Penyimpangan-penyimpangan yang terjadi dalam kurun waktu ini antara lain
sebagai berikut:
Pembubaran DPR hasil pemilu 1955 melalui Penetapan Presiden Nomor 4
Tahun 1960 dibentuk DPRGR ( Dewan Perwakilan Rakyat Gotong Royong) yang anggotanya diangkat dan diberhentikan oleh presiden. Membentuk MPRS yang anggotanya diangkat dan diberhentikan oleh presiden. Membentuk DPA dan MA dengan penetapan presiden dan anggota-angotanya diangkat dan diberhentikan oleh presiden. Lembaga-lembaga negara, seperti yang disebutkan diatasdipimpin sendiri oleh presiden. Mengangkat presiden seumur hidup melalui Ketetapan MPRS No. II/MPRS/1963 dan Tapa MPRS No.
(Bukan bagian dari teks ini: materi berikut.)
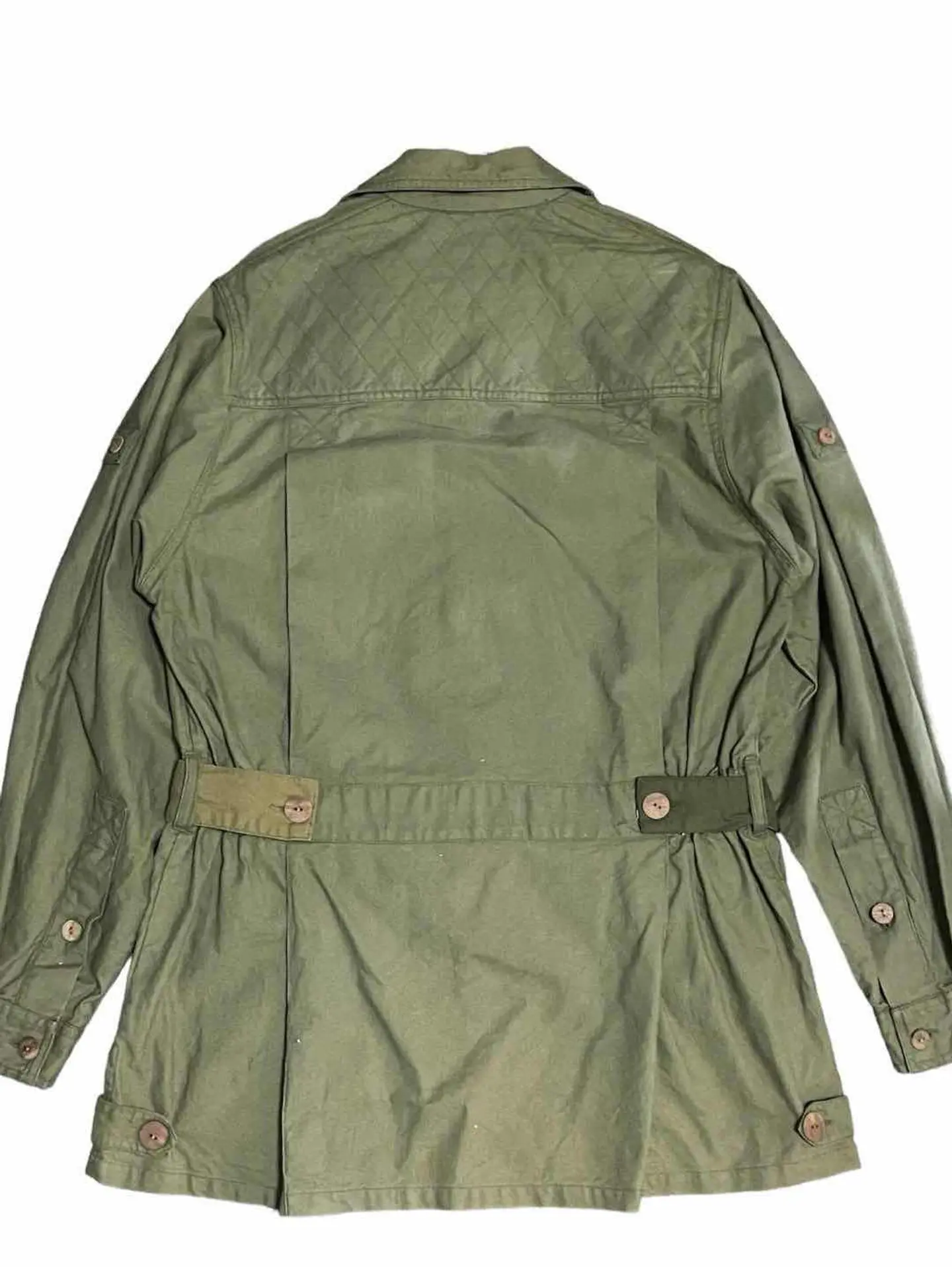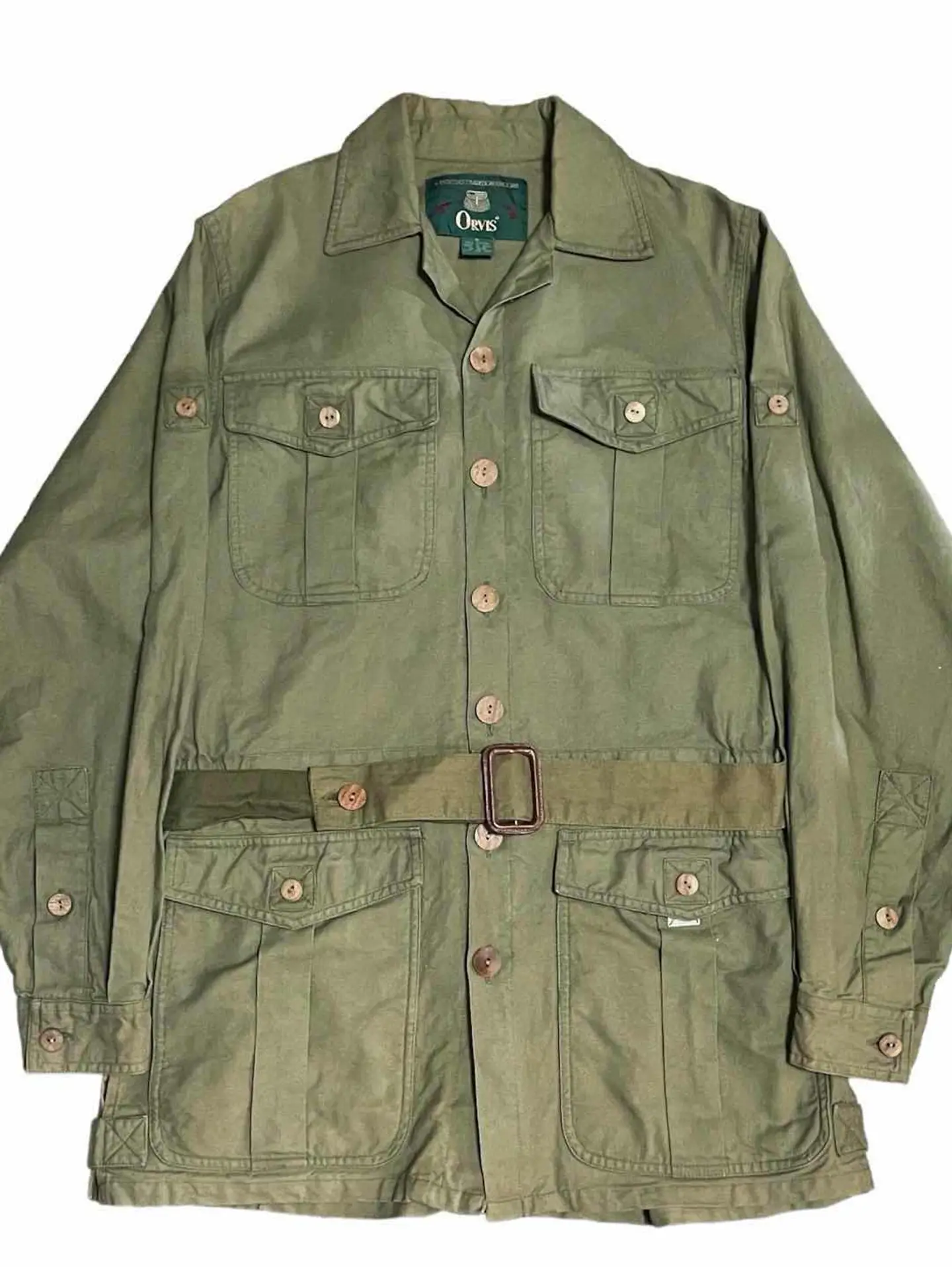 90s ORVIS サファリジャケット グッドレギュラー 名品の多い90sORVISの中でもトップピースでしょう。 サイズも希少なS このタグでサファリジャケットはまず出てきません。 若干の焼けはありますが古着慣れされた方であれば問題ないコンディションかと。 写真8枚目のボタンのみ外れません。 サイズ 表記 S 実寸 身幅54cm 着丈77cm 肩幅43cm

III/MPRS/1963. Melalui Ketetapan MPRS No. I/MPRS/1963 Manifesto Politik dari presiden dijadikan GBHN. Hak buget DPR tidak berjalan karena pemerintah tidak mengajukan RUU APBN untuk mendapat persetujuan DPR sebelum berlakunya tahun anggaran yang bersangkutan. Karena DPR tidak menyetujui rancangan APBN yang diajukan presiden, maka DPR dibubarkan 1960. Menteri-menteri diperboiehkan menjabat sebagai ketua MPRS, DPR- GR.DPA, dan MA. MPRS dan DPR-GR seharusnya menjadi lembaga perwakilan rakyat yang tugasnya mengawasi jalannya pemerintahan, malah sebaliknya, yaitu tunduk kepada kebijksanaan presiden.
Semuanya itu bertentangan dengan ketentuan-ketentuan Undang-Undang Dasar
1945. Puncak dari akibat memburuknya keadaan politik, keamanan, dan ekonomi, maka timbul pemberontakan G30S/PKI yang menurut catatan sejarah telah dua kali mengkhianati negara dan merencanakan coup d’etat (kudeta) terhadap negara Indonesia. Akan tetapi, pemberontakan ini dapat digagalkan berkat kerja sama ABRI dan seluruh rakyat Indonesia. Bertitik tolak dari sejarah masa lalu yang cukup memprihatinkan dan penyelewengan yang terjadi akibat belum dilaksanakannya Pancasila dan Undang- Undang Dasar 1945, maka timbul kesadaran untuk melahirkan Orde Baru yang bertekad untuk melaksanakan Pancasila dan Undang-Undang Dasar 1945 secra murni dan konsekuen.